WHAT YOU ARE ASKED TO DO:
Every line from the one bearing "Oryginalne, pochodzące z" through the last line of the records below is to be output exactly, and no other line; leave out the pictures.

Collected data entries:
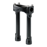 Black electroplated finish. This comes with approval. For 1" (25.4mm) handlebars. Constructed from investment cast steel upper & threaded lower. Riser tubes are TIG welded seamless 4130 chromoly with 3mm thick tubing and 1/2-13 threaded mounting holes which will take stock riser bolts. Spacing is 3-1/2" (89mm), to fit most H-D top triple trees. The top clamp bolt pattern will take stock H-D speedo & tach brackets. Note: Check your local MCS dealer or the MCS sales department for exact type of approval and validity on bike model and years on the test report.
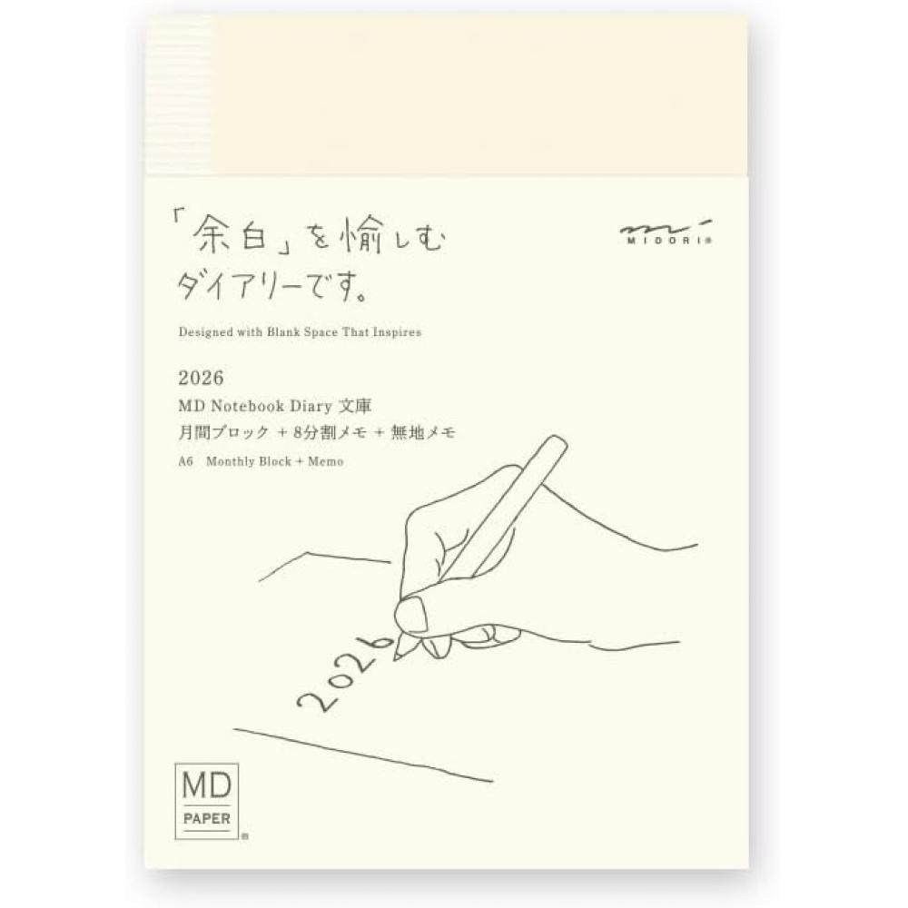 The DESIGNPHIL Midori MD Notebook Diary for 2026 is a product that harmoniously combines the fun of writing freely with the original function of a diary. It is composed of a block-type monthly schedule, horizontally ruled memoranda in eight sections, and blank memo pages, allowing various usages. The monthly schedule provides a high level of freedom with space for notes or to-do lists and idea sketches alongside a month's agenda.
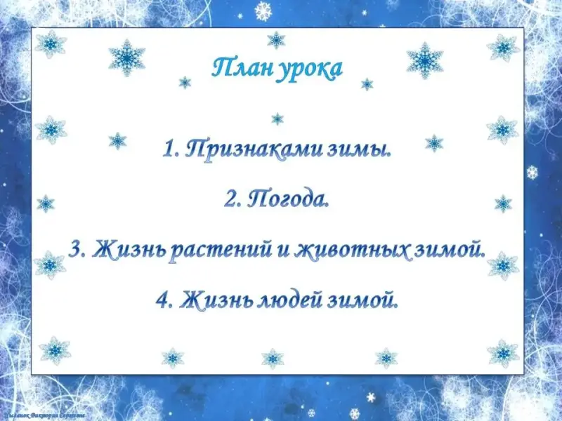 - Перечислите основные признаки зимы.
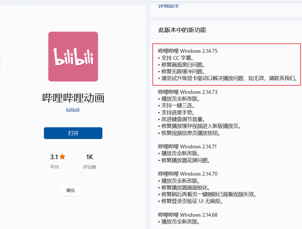 B站哔哩哔哩动画 UWP 客户端 2.14.75 正式版更新
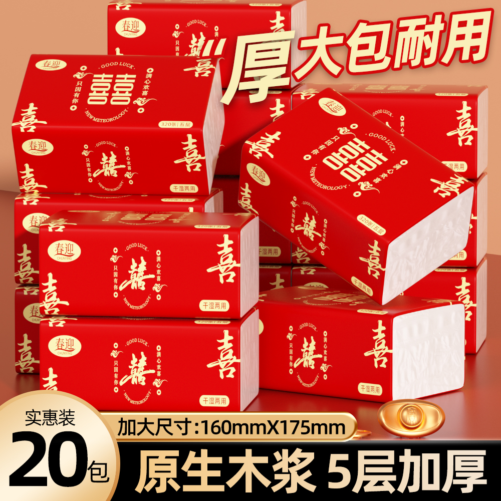 纸巾结婚专用抽纸大包婚庆用品全婚宴专用餐巾纸酒席整箱婚礼喜宴 - 喜结良缘婚庆用品企业店
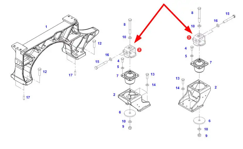 Oryginalne, pochodzące z dekompletacji, mogące nosić ślady użytkowania mocowanie poduszki kabiny o numerze katalogowym H737500200060, stosowane w ciągnikach rolniczych marki Fendt.
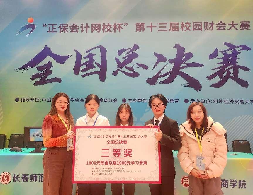 2024年12月7日,“正保会计网校杯”第十三届全国校园财会大赛全国总决赛于对外经济贸易大学圆满落幕。williamhill英国官网何子昉、周敏、罗永桂三位老师带领22本会计学2班杨普仕、21本会计学5班邹丽娴、21本会计学(专升本)14班蓝金花组成的团队荣获全国三等奖。
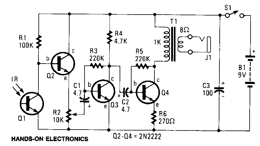 Encontrado numa documentação antiga, este circuito usa componentes ainda comuns no mercado. O transformador pode ser eliminado se for usado fone de alta impedância. O fototransistor pode ser de qualquer tipo.
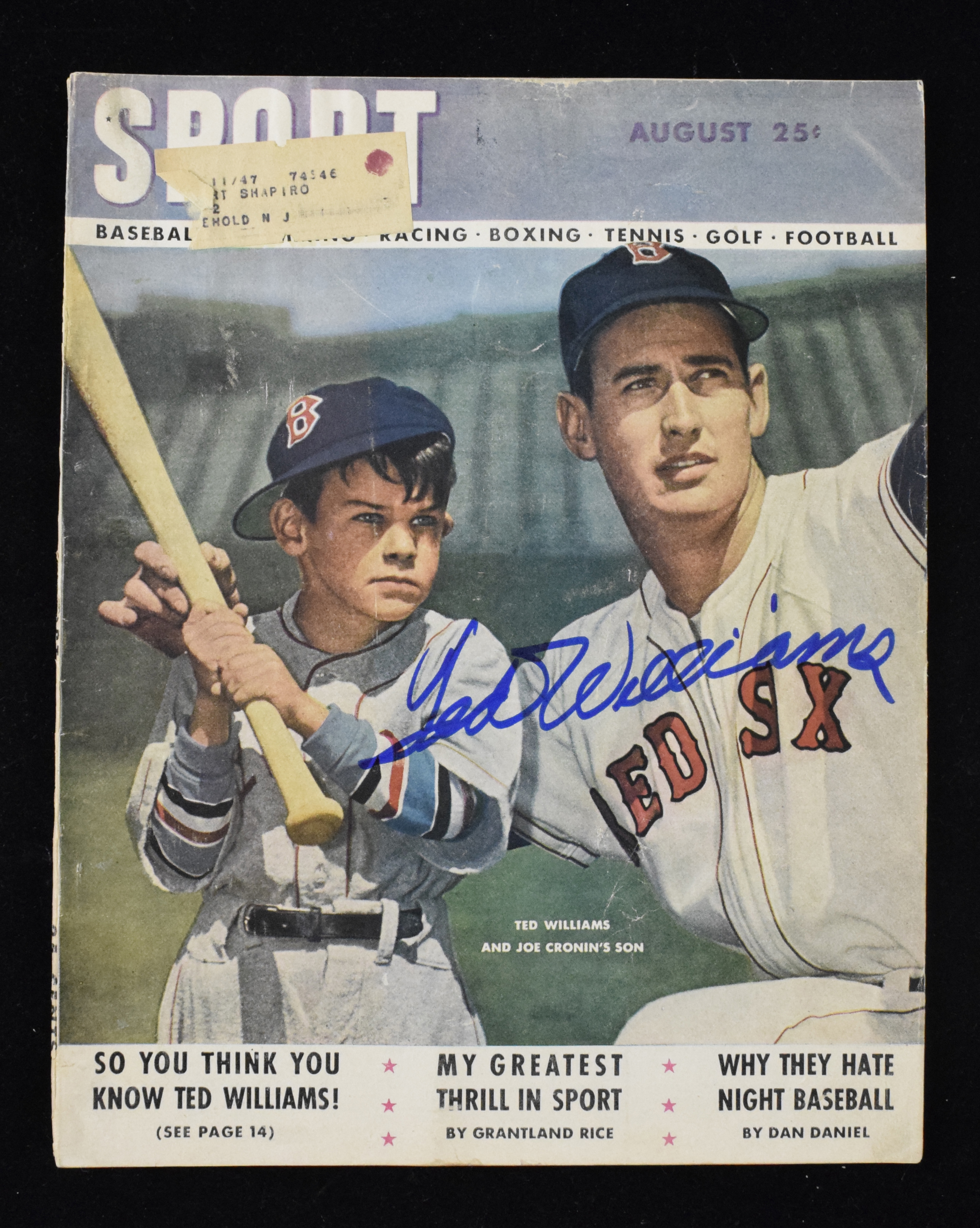 Description:Ted Williams autographed 1947 Sport magazine (Sig. MT). August 1947 Sport magazine with Ted Williams on the cover has been signed in blue marker by Williams, rating 10 out of 10. Magazine with mailing label affixed has moderate to heavy wear: VG.
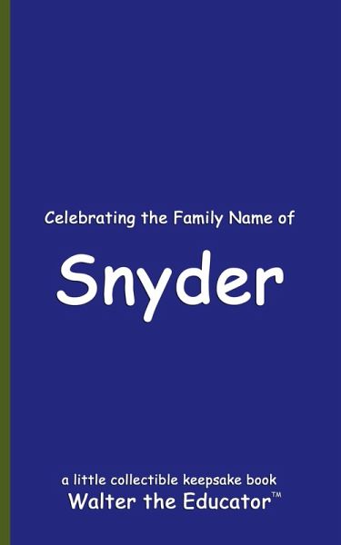 Celebrating the Family Name of Snyder is a memory book that belongs to the Celebrating Family Name Book Series by Walter the Educator. Collect them all and more books at WaltertheEducator.com. USE THE EXTRA SPACE TO DOCUMENT YOUR FAMILY MEMORIES THROUGHOUT THE YEARS
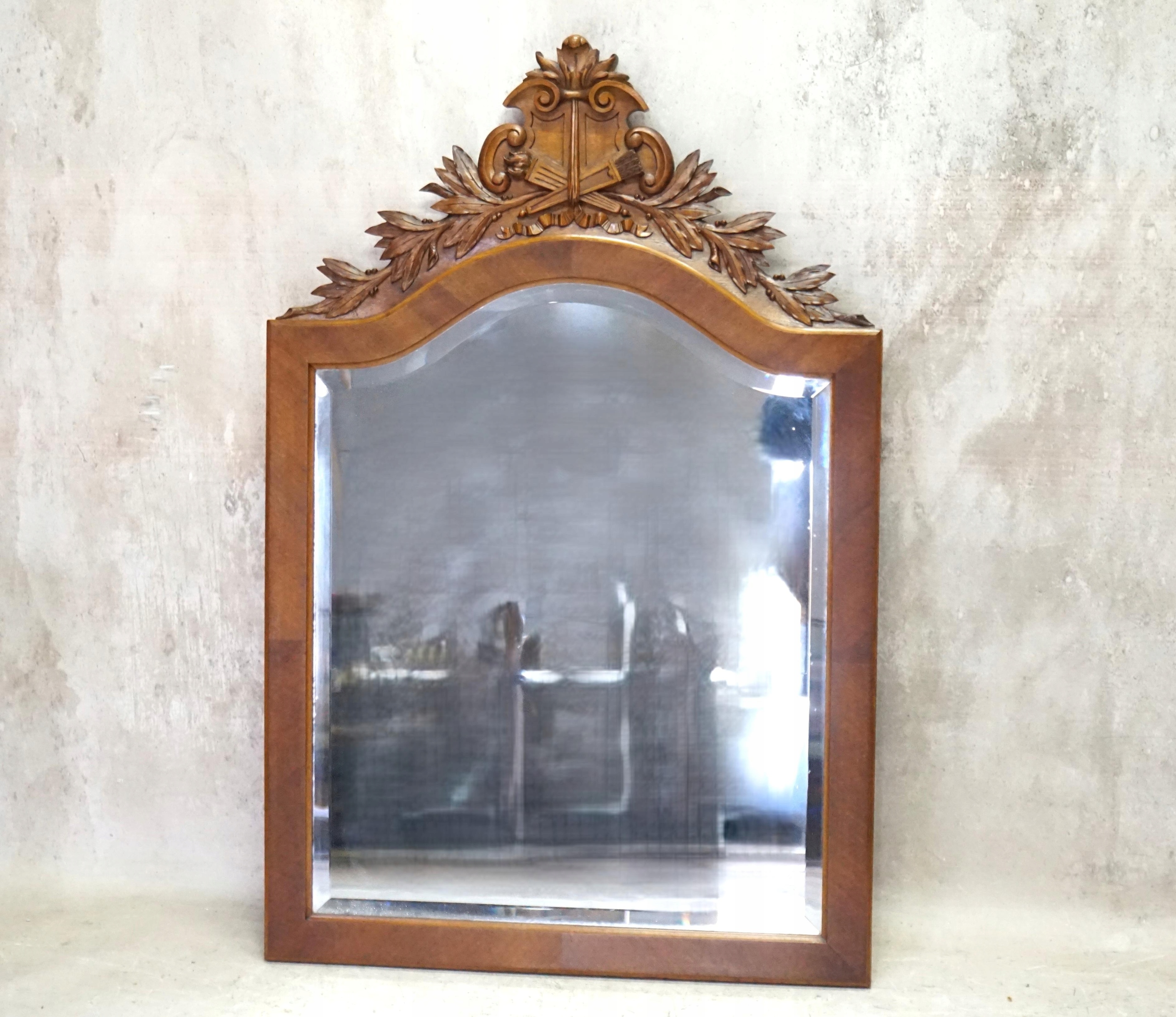 H-P Большое кристаллическое зеркало в деревянной раме с резьбой

EXERCISE ANSWER:
 Oryginalne, pochodzące z dekompletacji, mogące nosić ślady użytkowania mocowanie poduszki kabiny o numerze katalogowym H737500200060, stosowane w ciągnikach rolniczych marki Fendt.
 2024年12月7日,“正保会计网校杯”第十三届全国校园财会大赛全国总决赛于对外经济贸易大学圆满落幕。williamhill英国官网何子昉、周敏、罗永桂三位老师带领22本会计学2班杨普仕、21本会计学5班邹丽娴、21本会计学(专升本)14班蓝金花组成的团队荣获全国三等奖。
 Encontrado numa documentação antiga, este circuito usa componentes ainda comuns no mercado. O transformador pode ser eliminado se for usado fone de alta impedância. O fototransistor pode ser de qualquer tipo.
 Description:Ted Williams autographed 1947 Sport magazine (Sig. MT). August 1947 Sport magazine with Ted Williams on the cover has been signed in blue marker by Williams, rating 10 out of 10. Magazine with mailing label affixed has moderate to heavy wear: VG.
 Celebrating the Family Name of Snyder is a memory book that belongs to the Celebrating Family Name Book Series by Walter the Educator. Collect them all and more books at WaltertheEducator.com. USE THE EXTRA SPACE TO DOCUMENT YOUR FAMILY MEMORIES THROUGHOUT THE YEARS
 H-P Большое кристаллическое зеркало в деревянной раме с резьбой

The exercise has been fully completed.